It is the age-old question.  Are humans born intrinsically good with pure and righteous hearts, or are they born with a sin nature that if left unchecked will destroy their lives?  B. F. Skinner and his boys believe in the former, that people are born basically good, but our southbound society eschews them and stains them.  This is a popular ideology being taught in classrooms throughout our land.  The Bible says the polar opposite.  It says from cover to cover that we are made with a potential for greatness; however, human beings have the indelible imprint of a sinful, rebellious nature.  We have a fatal flaw, if you will, of a sin nature—a natural tendency to transgress.

If you have any doubts about our sin nature, try this experiment: Have a baby.  Well, you don’t have to have a baby.  All you’ve got to do is take a quick tour of our nursery, and you can see the sin nature.  I know babies are cute, cuddly, and all that, but they are little bandito sinners who can’t wait to advertise their depravity by being selfish, self-centered, and demanding.  I sometimes wonder if social scientists and psychologists have ever had children because if they had, they wouldn’t be popularizing this propaganda.  Who knows?  Maybe the social scientists and psychologists are grandparents who have forgotten what kids are like.
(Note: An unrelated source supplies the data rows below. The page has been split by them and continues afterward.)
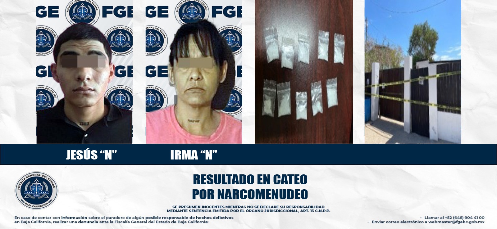 En el lugar fueron detenidos Jesús “N” e Irma “N”, quienes, al igual que la droga asegurada, fueron puestos a disposición de la Fiscalía Especializada en Narcomenudeo para la integración de la carpeta de investigación correspondiente. El domicilio quedó asegurado.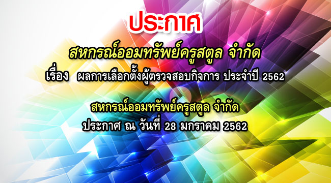 อาศัยความตามข้อ 103, 103/1, 104/1, 105/1 และข้อ 106 แห่งข้อบังคับสหกรณ์ออมทรัพย์ครูสตูล จำกัด สหกรณ์ออมทรัพย์ครูสตูล จำกัด แก้ไขเพิ่มเติม (ฉบับที่ 2) พ.ศ.2561 ว่าด้วย ผู้ตรวจสอบกิจการ และสหกรณ์ออมทรัพย์ครูสตูล จำกัด ได้ประกาศรับสมัครผู้ตรวจสอบกิจการ เมื่อวันที่ 22 มกราคม 2562 และในวันที่ 27 มกราคม 2562 ที่ประชุมใหญ่สามัญประจำปี 2561 ได้พิจารณาเลือกตั้งผู้ตรวจสอบกิจการประจำปี 2562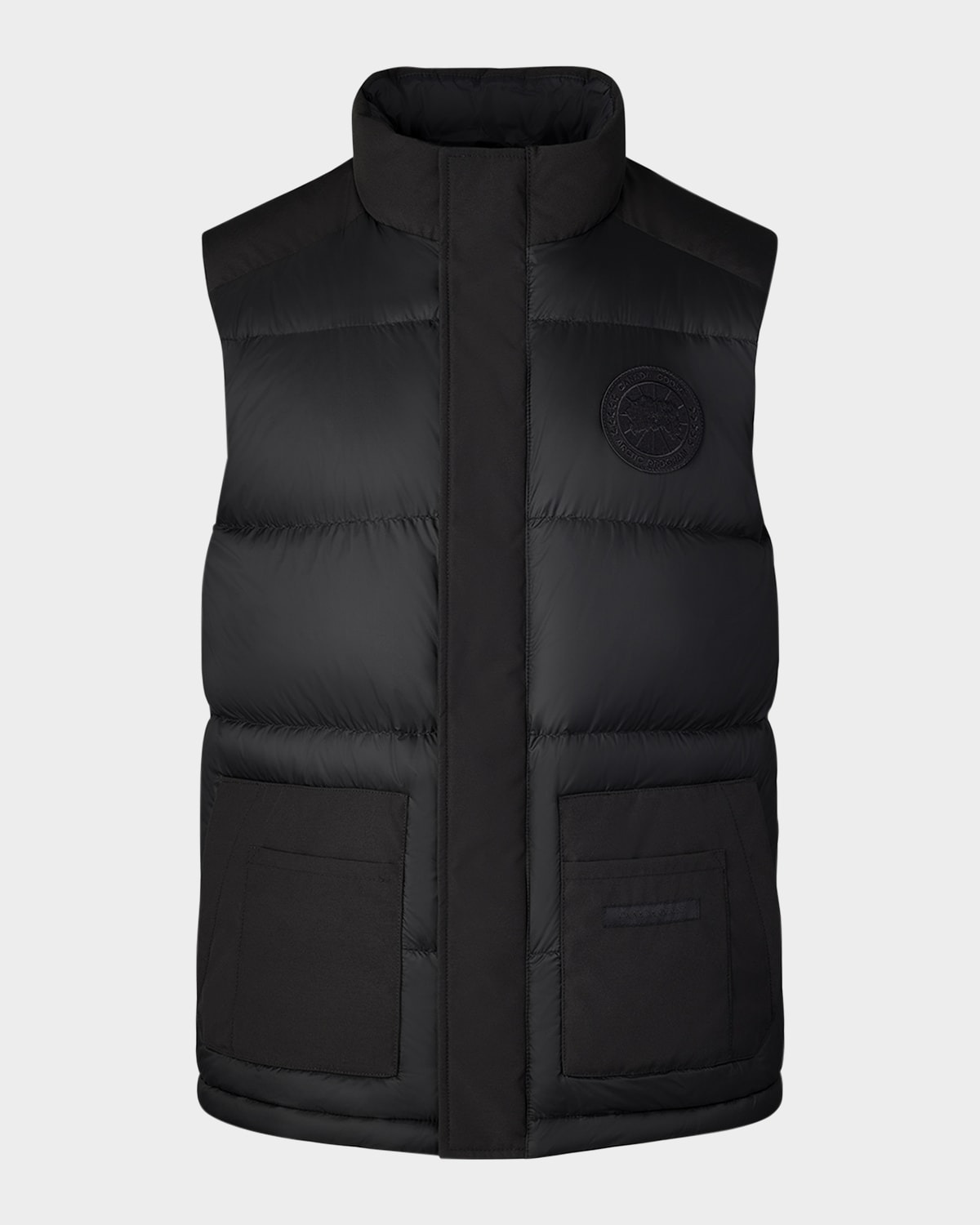 - Canada Goose "Paradigm Freestyle" vest - TEI 1 is optimal for temperatures 40°F to 25°F; It is lightweight and adaptable for active pursuits - Structured down-filled collar - Fleece-lined chin guard - Two-way front zipper with placket for extra coverage - Webbing grab strap at upper back with ‘Canada Goose' emblem patch - Two exterior pockets: double-entry hand pockets - One interior pocket: zippered security pocket - Polyester; down fill - Lining: Nylon - Machine wash cold - Made in Canada - The Thermal Experience Index (TEI) is an easy-to-understand five point system that enables you to make an informed choice in your search to find the right parka, jacket, or knitwear for your specific environment and activity. It works using a scale, in which 1 indicates the lightest insulation--jackets, lightweight down for active pursuits--and 5 indicates the warmest parkas we make, the kind trusted in the world’s harshest conditions.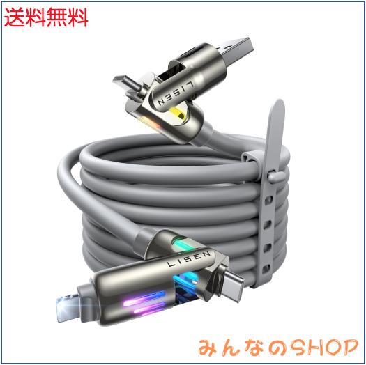 ◆商品名:LISEN ライトニングケーブル【2M, 最大240W】マルチ充電ケーブル4in1 液体シリコーン タイプc 急速充電 480Mbps データ転送, C to C/タイ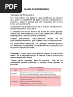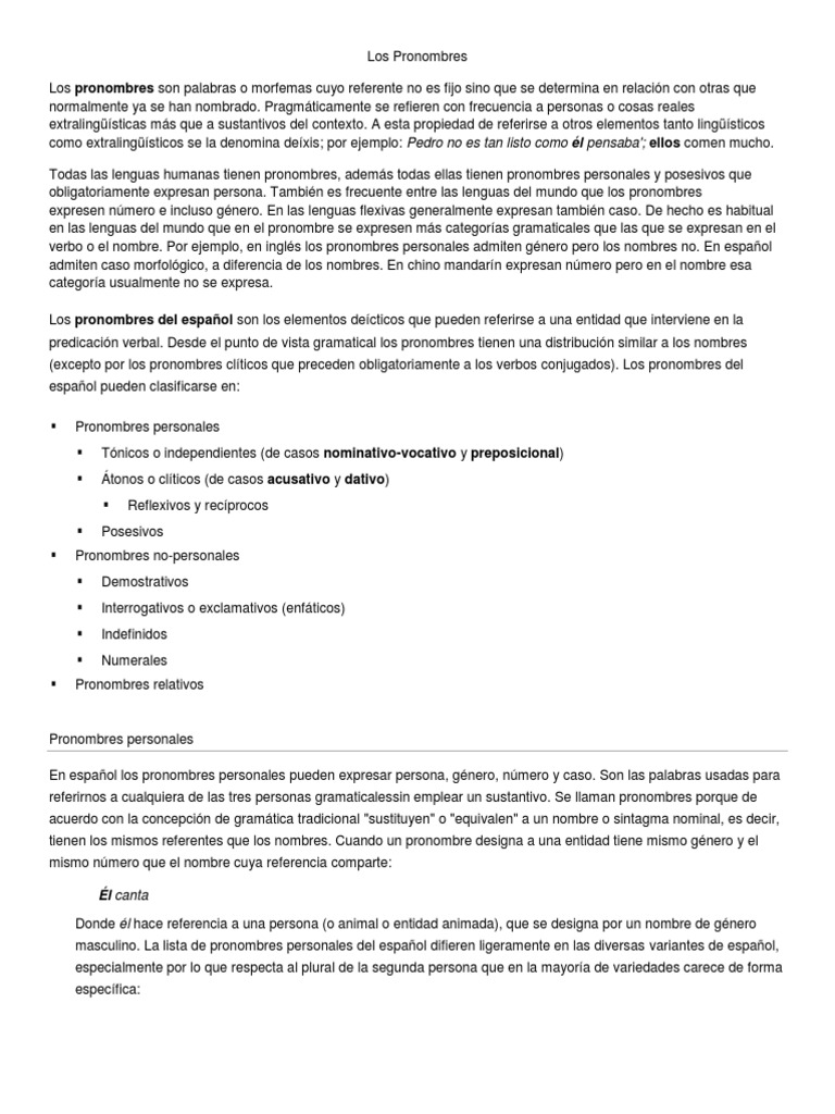 otras que normalmente ya se han nombrado. Pragmticamente se refieren con frecuencia a personas o cosas reales extralingsticas ms que a sustantivos del contexto. A esta propiedad de referirse a otros elementos tanto lingsticos como extralingsticos se la denomina dexis; por ejemplo: Pedro no es tan listo como l pensaba'; ellos comen mucho. Todas las lenguas humanas tienen pronombres, adems todas ellas tienen pronombres personales y posesivos que obligatoriamente expresan persona. Tambin es frecuente entre las lenguas del mundo que los pronombres expresen nmero e incluso gnero. En las lenguas flexivas generalmente expresan tambin caso. De hecho es habitual en las lenguas del mundo que en el pronombre se expresen ms categoras gramaticales que las que se expresan en el verbo o el nombre. Por ejemplo, en ingls los pronombres personales admiten gnero pero los nombres no. En espaol admiten caso morfolgico, a diferencia de los nombres. En chino mandarn expresan nmero pero en el nombre esa categora usualmente no se expresa. Los pronombres del espaol son los elementos decticos que pueden referirse a una entidad que interviene en la predicacin verbal. Desde el punto de vista gramatical los pronombres tienen una distribucin similar a los nombres (excepto por los pronombres clticos que preceden obligatoriamente a los verbos conjugados). Los pronombres del espaol pueden clasificarse en: Pronombres personales Tnicos o independientes (de casos nominativo-vocativo y preposicional) tonos o clticos (de casos acusativo y dativo) Reflexivos y recprocos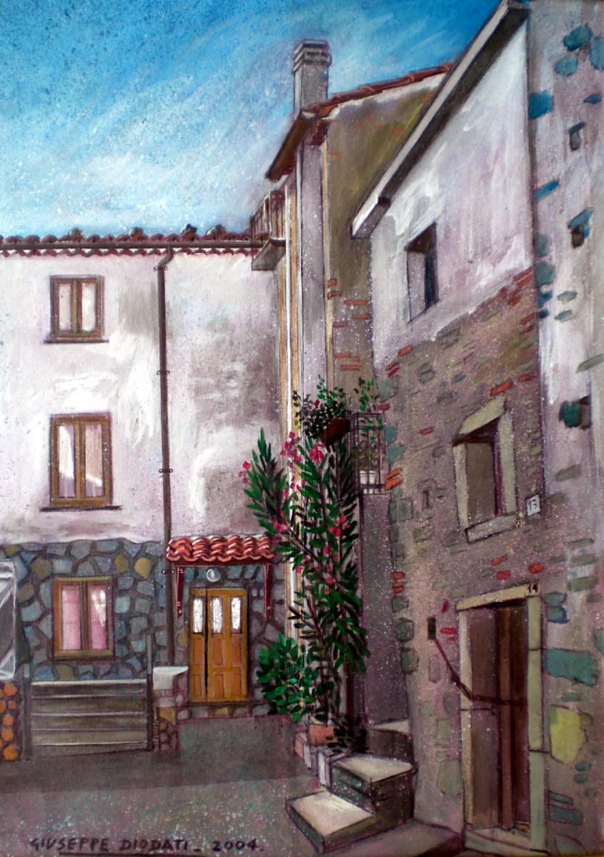 "Angolo di case di San Fili (CS)", tecnica mista su tela cm. 50x70, Anno 2004.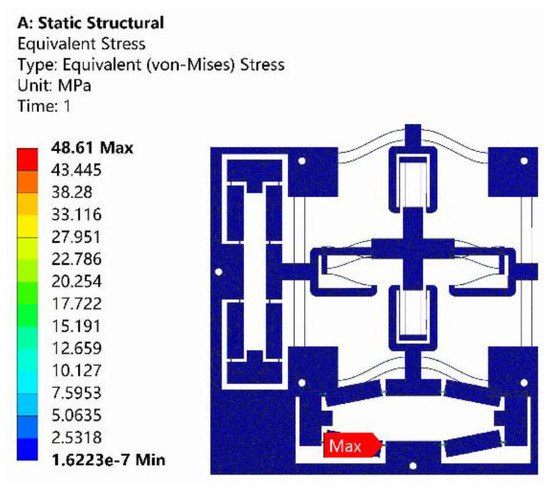 The adopted PEAs had an actual stroke of 65 μm. Therefore, the input displacement of 65 μm was applied to the bridge-type amplification mechanism along X-axis, and the resulting maximum stress is shown in Figure 14. As can be observed from Figure 14, the maximum stress of 48.61 MPa occurred at the surface of flexure hinge, which was far below the yield strength of Al7075.
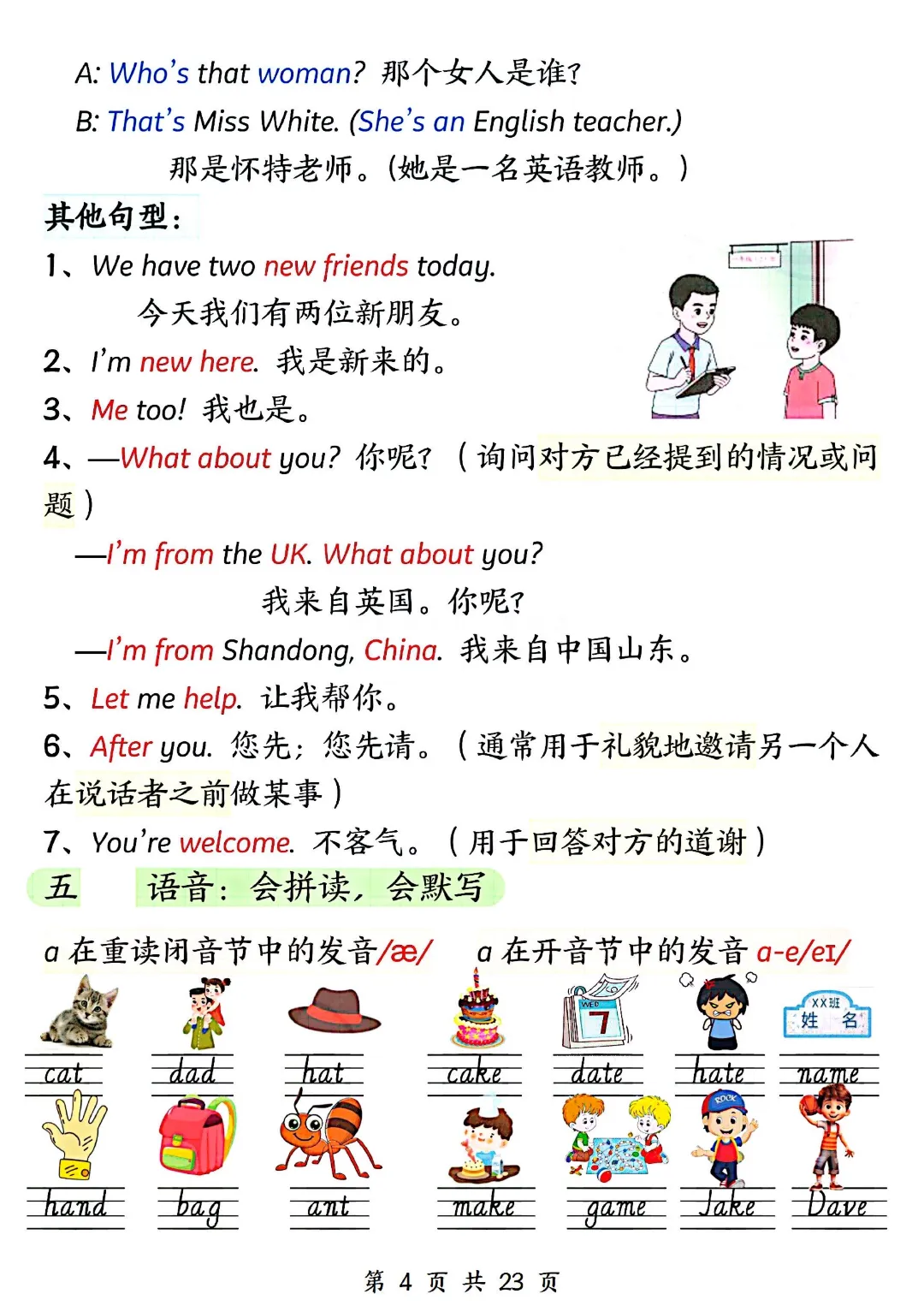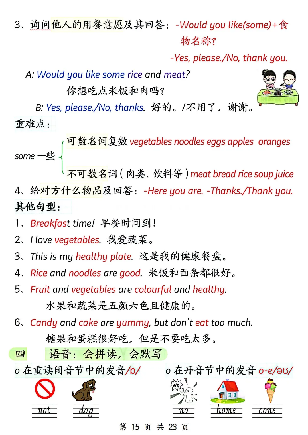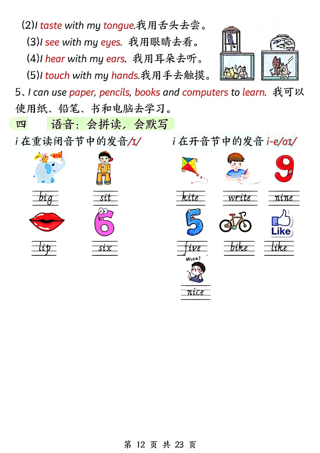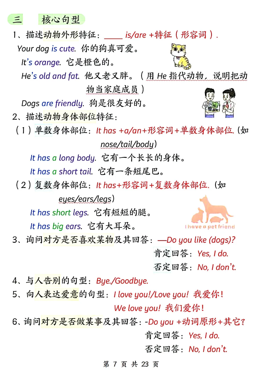 26春三年级下英语人教版PEP版《1-6 单元知识点总结》高清完整电子版可打印

That is probably one of the reasons it is not too popular to call it what it is anymore—sin.  It is too harsh, too politically incorrect, or it will step on too many toes.  We make Jim Carry-like contortions when we try to say the word.  We can’t say it.  We put our little spin on sin.  Instead of saying, “I’ve sinned”, we say, “I’ve made a mistake.  It was a misunderstanding.  I was stupid.  I was ill-advised.  It was an oversight, a boo-boo.  My bad.”  Amazingly, we blame our backgrounds, circumstances, relationships, even genetics on sin.  But it is not genetics, it is “sinetics”.  We hear a lot about genetics these days—genetic engineering, genetic coding, DNA.  I want to introduce a new term I have coined that answers the “why” of the sin problem: sinetics.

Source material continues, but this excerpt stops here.